ACTR is a chimeric protein that combines components from receptors normally found on two different human immune cell types – natural killer (NK) cells and T-cells – to create a novel cancer cell killing activity. As reported earlier this year in the journal Cancer Research[1], T-cells bearing the ACTR receptor can be armed to attack a tumor by combining with a monoclonal antibody that binds antigens on the cancer cell surface. CD20 is expressed on cancer cells from many patients with chronic lymphocytic leukemia (CLL) and non-Hodgkin lymphoma (NHL). Rituximab, an antibody specific for CD20, is currently part of standard therapy for these indications. Studies carried out in Dr. Campana’s laboratory show remarkable enhancement in the activity of rituximab when it is armed with ACTR T-cells.

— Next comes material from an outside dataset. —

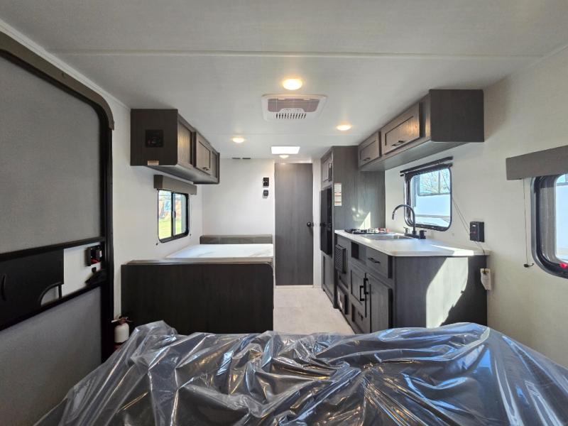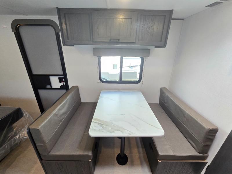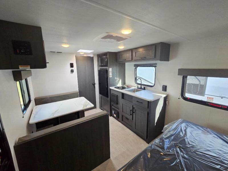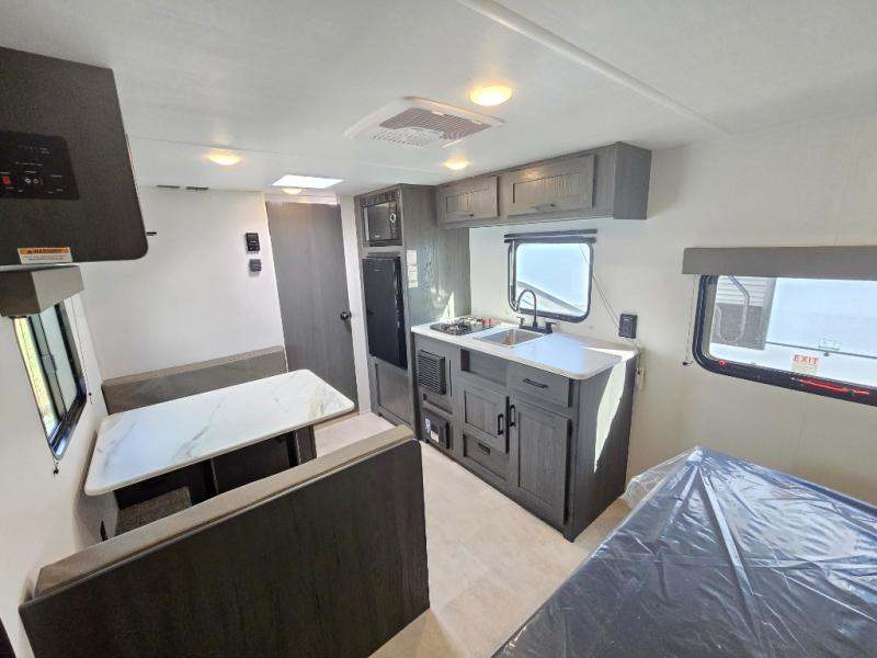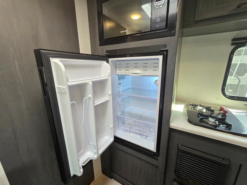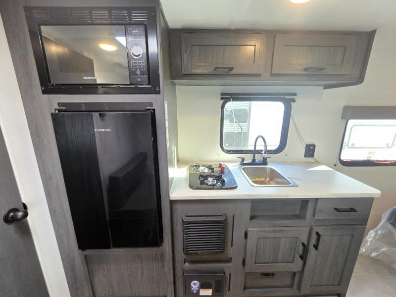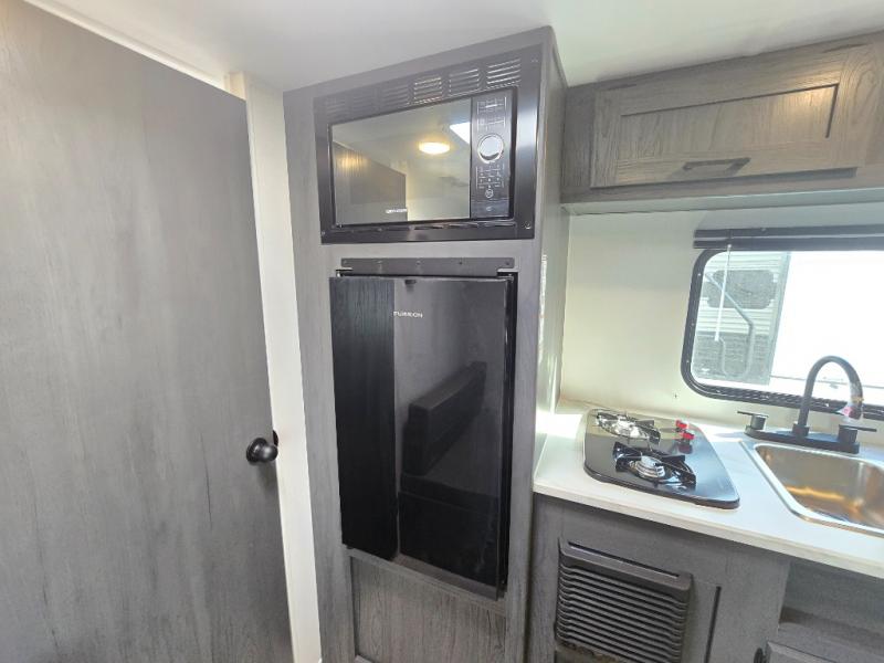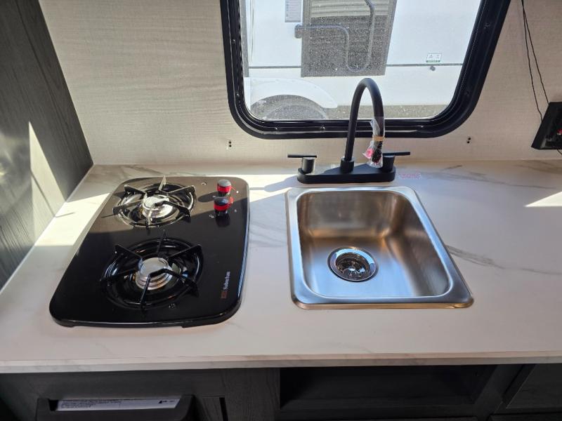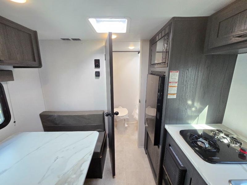 A perfect couples coach that could sleep one or two more, depending on size, using the booth dinette which can be converted at night This unit is cozy and convenient providing you just what you need to enjoy a little adventure away from home. For meals, there is a two-burner cooktop and sink, plus a 3.3 cu. ft. refrigerator for your perishables. Overhead cabinetry can be found along both sides for your dishes and things. You will all appreciate the convenience of having your own rear bath so that you don't need to use the campground facilities at night. You will also enjoy spending time outside with an 8' awning to provide even more living space outdoors!

Unum has built a platform for cancer treatment based upon ACTR. In contrast to other approaches that are limited to a single target and treat a narrow set of tumors, Unum’s approach is not restricted by antigen and may have applications for treating many types of cancers. The ATTCK20 study will be the first clinical trial to assess clinical candidates engineered with the ACTR technology.